А потом ты стала взрослее на два года, взрослее, женственнее, утонченнее и красивее, научившись ярко и изысканно одеваться, ещё больше подчёркивать точеную и красивую фигурку. Ты стала искусно наводить лёгкий макияж на смазливую мордашку и красиво подводить и без того большие выразительные глаза. Ты просто стала женщиной, хотя, тебе и не было двадцати. И я с нетерпением ждал тот самый день, когда ты стала подружкой невесты на нашей свадьбе. Мне нестерпимо хотелось опять ощутить близость твоего тела через тонкую материю летнего платья, вдохнуть его ароматы и тайно млеть от твоей природной красоты. Это было очень неловко, но в тоже время приятно, незабываемо приятно. И после двух дней свадьбы, когда мы поехали в баню олиных родителей, я увидел тебя совсем без макияжа, раскрасневшуюся от парной, в одном халатике и понял - как же ты естественна и красива в наших провинциальных условиях. Невероятно красива...

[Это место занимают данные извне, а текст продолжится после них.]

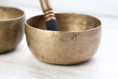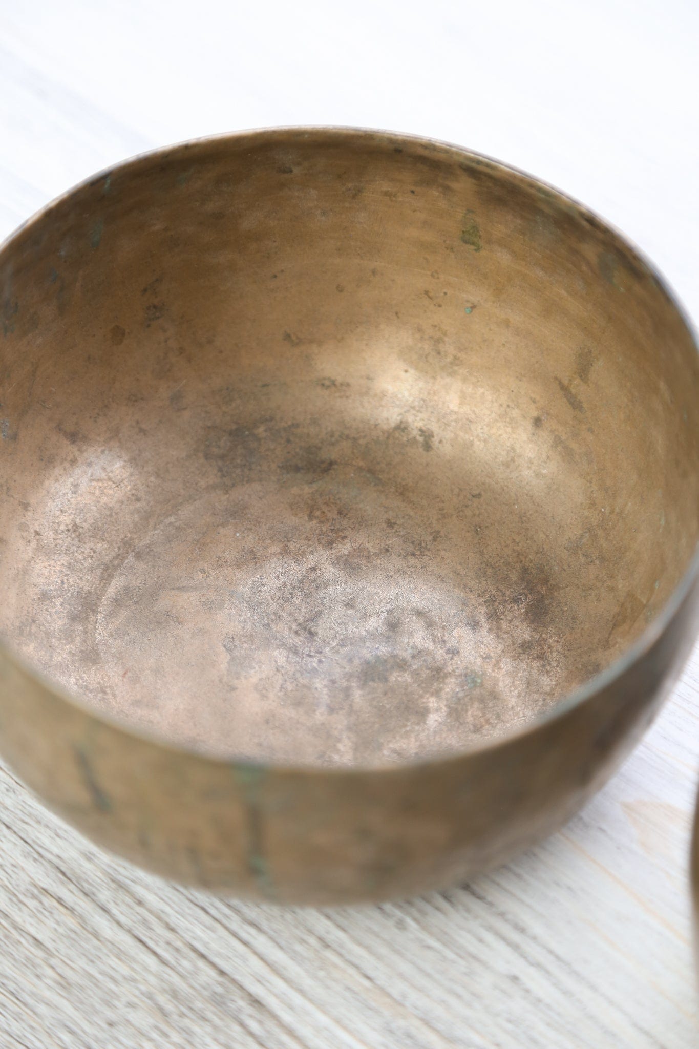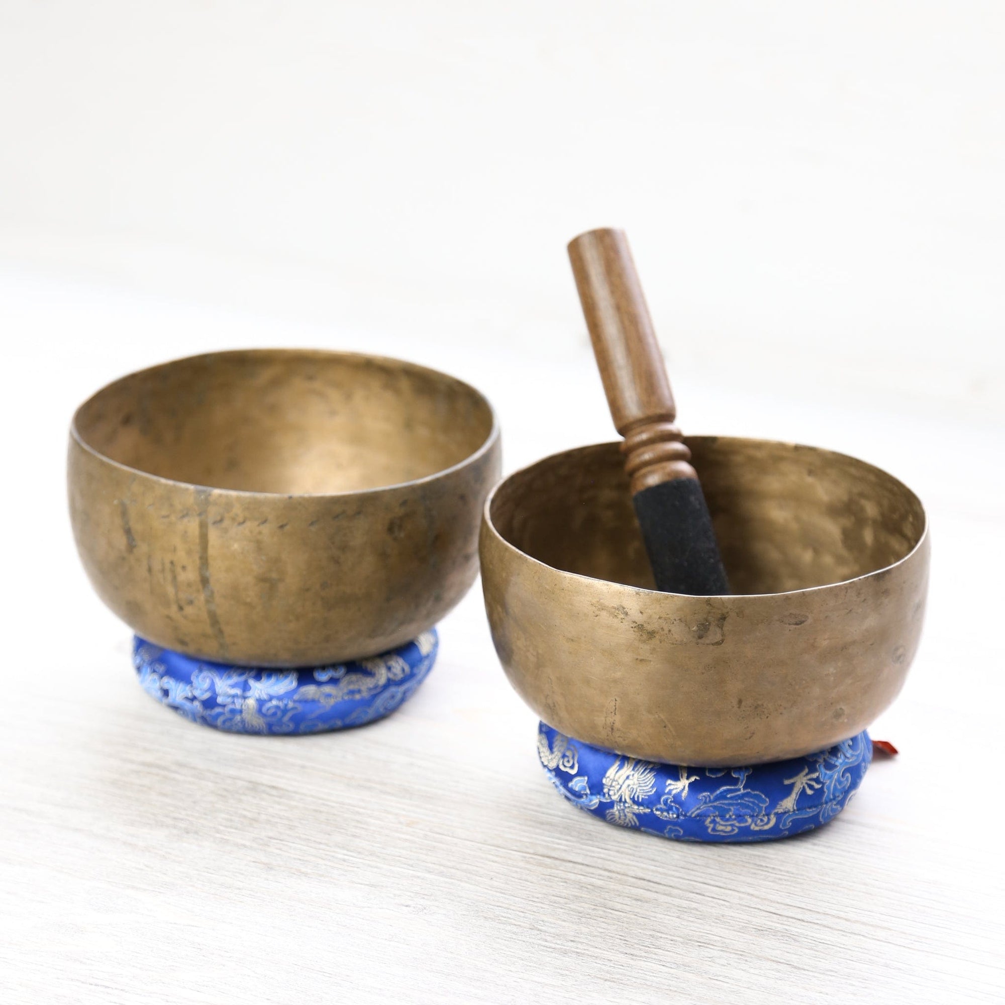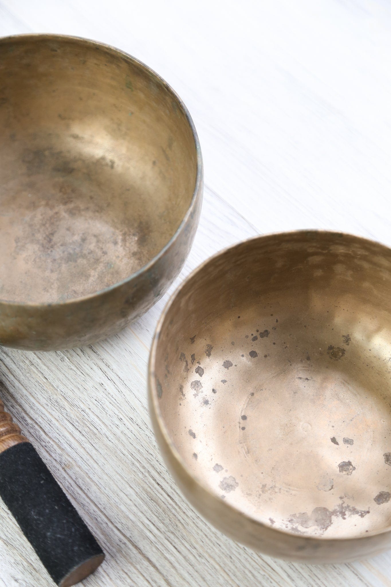• We played through dozens of our one-of-a-kind antique meditation bowls and chose these two based on the quality of tone and overall sound of each bowl played together as a set.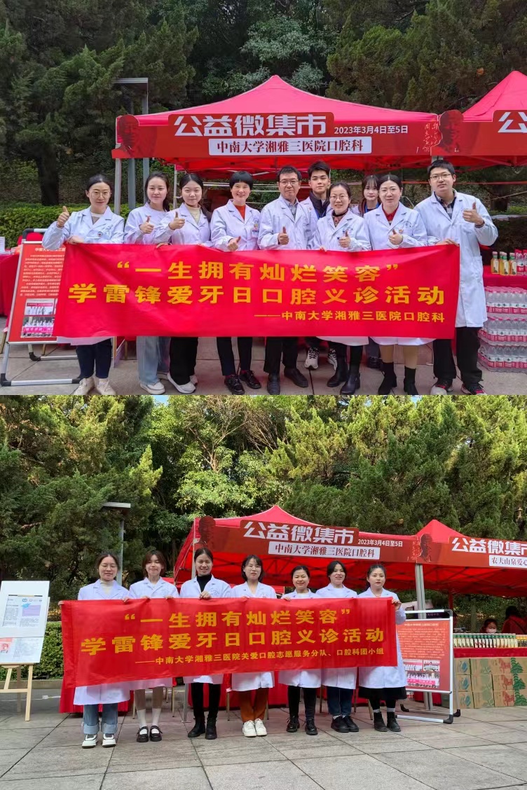 3月4日至3月5日,中南大学湘雅三医院口腔科积极响应院党委、团委的号召,作为唯一一家医院受邀参与“学雷锋精神 担复兴大任 做时代新人”,纪念毛泽东等老一辈革命家为雷锋同志题词60周年主题活动,结合公益微集市,在湖南烈士公园开展“一生拥有灿烂笑容”口腔义诊活动。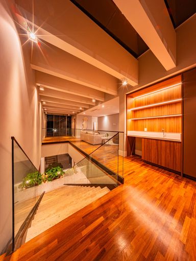Piso superior, revestido em taco madeira maciça
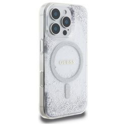 W centralnej części etui znajduje się logo Guess oraz brokatowy pierścień MagSafe, które subtelnie podkreślają prestiż tego etui.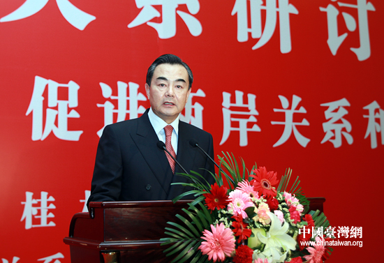 中共中央臺辦主任王毅在第九屆兩岸關(guān)系研討會上致辭。(中國臺灣網(wǎng) 鐘寶華 攝)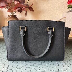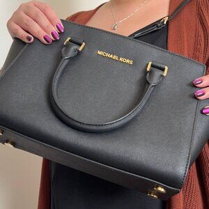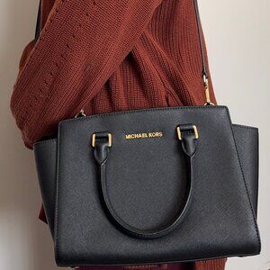 Michael Kors Selma Saffiano Leather Medium Satchel in Black with gold hardware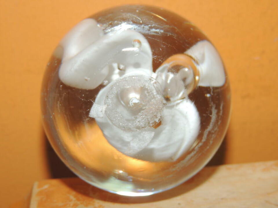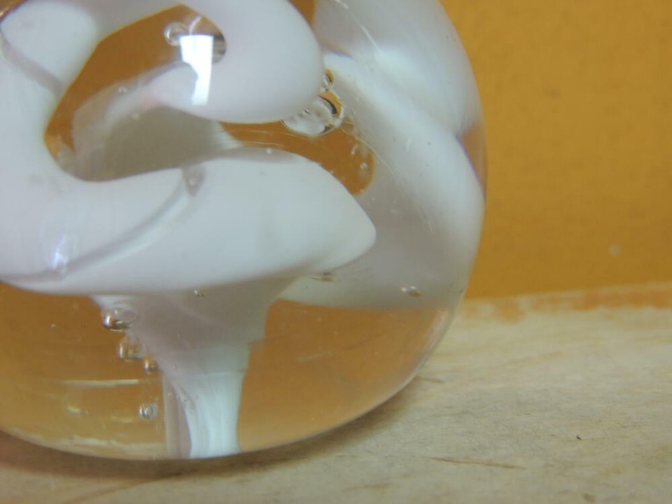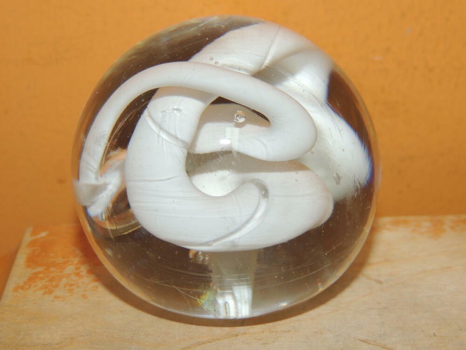 Art Glass Paperweight 2.25"+ clear with white twisting ribbon swirls bubbles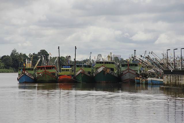 河中停泊的渔船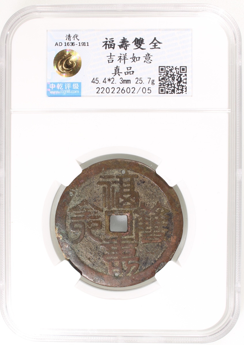 浙爐篆書福壽雙全方孔花錢,背吉祥如意,清朝(公元1644–1911),45.4*2.3mm,重25.7g,中乾真品。少見。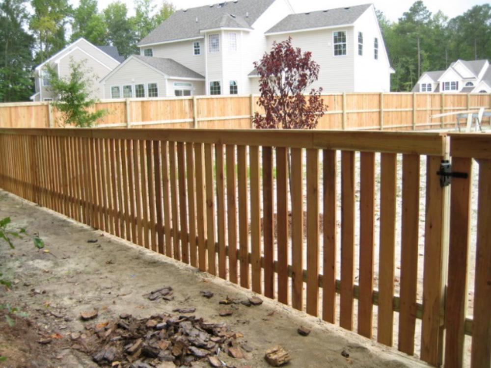 A 4' picket fence with capboard compliments the functionality of a picket fence with a sleek capboard, preventing pickets from protruding over the posts. This style is perfect for any yard.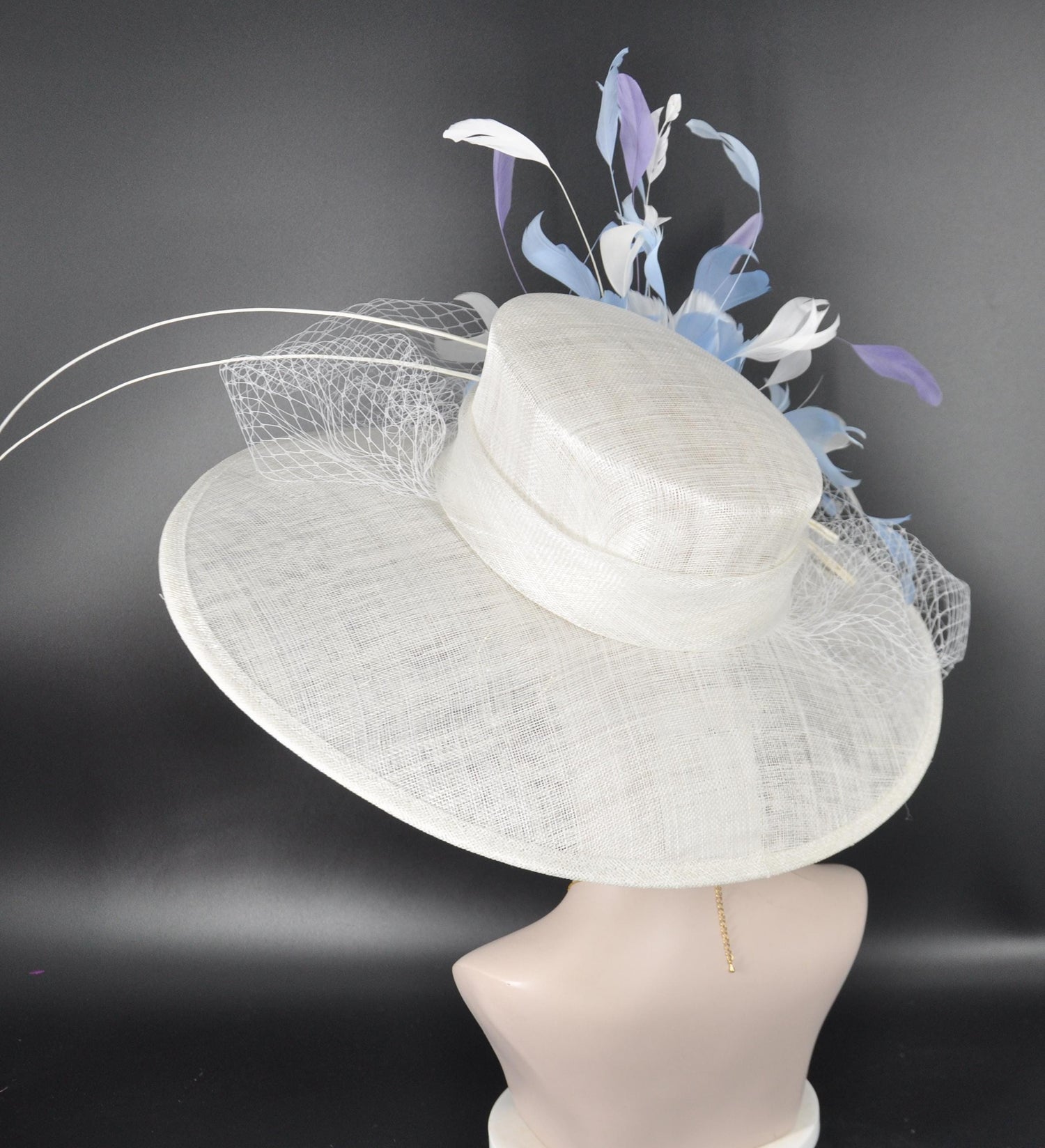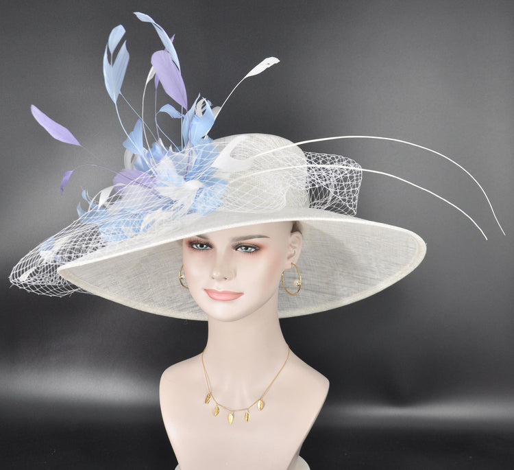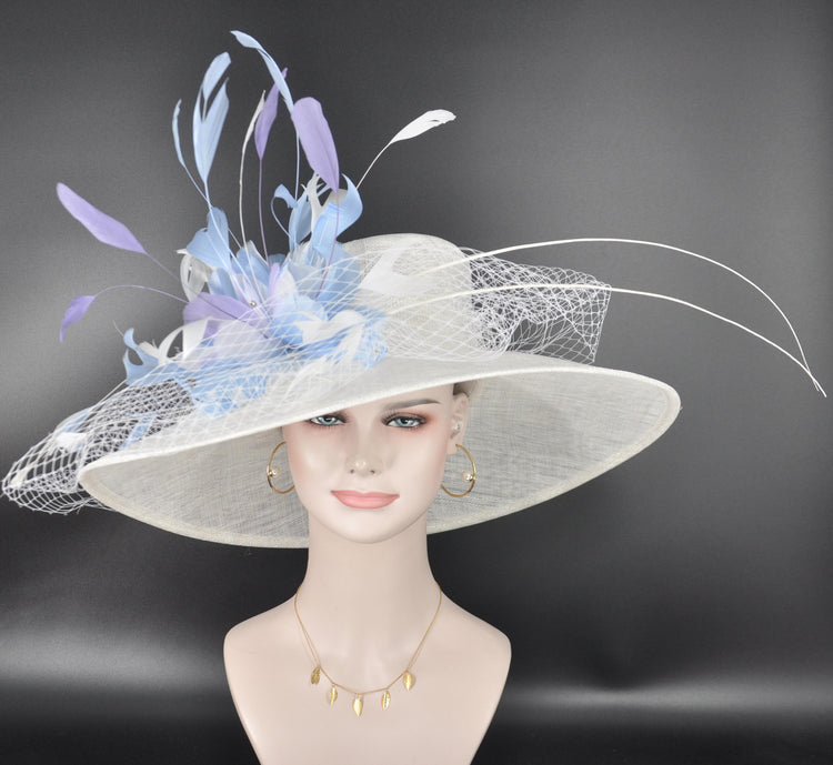 Wide Brim Sinamay Derby Hat: White, Powder Blue & Lilac

А через несколько лет ты приехала на каникулы к нам в гости на юг после рождения нашего первенца и я понял, что в моей благополучной спокойной семейной жизни не доставало моих фантазий и острого ощущения той самой твоей близости, не хватало твоего столичного аромата, твоей скромной изысканности и неподдельного шарма. Теперь ты жила в нашей маленькой уютной однокомнатной квартирке и я так же украдкой наблюдал за твоей похорошевшей и повзрослевшей женственной сексуальностью. Твоя томная плавная походка с чуть виляющими упругими бедрами сводила меня с ума, а точеная фигурка с тонкой талией оставалась такой же  привлекательной, как и раньше. Особенно это выделялось в летнем обтягивающем полупрозрачном сарафане, под которым отчётливо просматривалось красивое кружевное белоснежное нижнее белье. Утомительная и изнуряющая жара того лета способствовала тому, что бы в нашем жилье с окнами на солнечную сторону, белья на всех было по минимуму, а тела просились регулярно охладиться в душе. Ты выходила из ванной комнаты после очередного ополаскивания с влажными вьющимися вдоль тела русыми волосами. Локоны едва прикрывали все такую же высокую девичью грудь с твёрдыми после прохладной воды сосками, вызывающе торчащими под тонкой, чуть удлинённой, маечкой на бретельках, небрежно накинутой на голое влажное тело. И когда Оля кормила грудью сына, я просто представлял тебя в роли матери, в роли той самой Мадонны Леонардо да Винчи с открытой грудью, к которой жадно льнет младенец. Ох, лето 1991 года!..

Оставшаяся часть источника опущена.